Style transfer aims to render an image with the artistic features of a style image, while maintaining the original structure. Various methods have been put forward for this task, but some challenges still exist. For instance, it is difficult for CNN-based methods to handle global information and long-range dependencies between input images, for which transformer-based methods have been proposed. Although transformers can better model the relationship between content and style images, they require high-cost hardware and time-consuming inference. To address these issues, we design a novel transformer model that includes only the encoder, thus significantly reducing the computational cost. In addition, we also find that existing style transfer methods may lead to images under-stylied or missing content. In order to achieve better stylization, we design a content feature extractor and a style feature extractor, based on which pure content and style images can be fed to the transformer. Finally, we propose a novel network termed Puff-Net, i.e., pure content and style feature fusion network. Through qualitative and quantitative experiments, we demonstrate the advantages of our model compared to state-of-the-art ones in the literature.
Paper Structure (22 sections, 7 equations, 11 figures, 2 tables)

This paper contains 22 sections, 7 equations, 11 figures, 2 tables.

Figures (11)

  • Figure 1: Comparison of different models based on loss and capacity, with the loss being a combination of $60\%$ content loss and $40\%$ style loss. Our model shows a favorable balance between capacity and loss.
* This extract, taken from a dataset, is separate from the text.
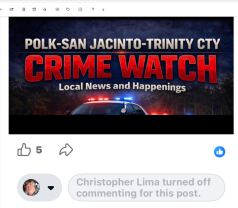 Nathan Deweese, a San Jacinto County sheriff deputy has been charged out of Trinity County for either an harassment or staking charge. We are trying to clarify what the exact charge is.

Details can be found in the Method and Experiments sections.
  • Figure 2: Some results of our Puff-Net. Our method achieves a better balance between maintaining stylized effects and reducing computational costs. The main body and background of the content image can be stylized more reasonably based on the style image.
  • Figure 3: Schematic illustration of the Puff-Net architecture. The network begins by extracting content and style features from the input images. These features are then divided into patches and encoded into patch sequences through a linear projection. After feeding the features into the transformer for stylization, we can finally obtain the result image through the decoder. Additionally, the model leverages a reconstruction loss function during training to enhance its ability to reconstruct content and style features.
  • Figure 4: The visual results of qualitative comparisons
  • Figure 5: The features extracted by our model. The first and second rows display renderings of the content extractor, while the third and fourth rows display renderings of the style extractor.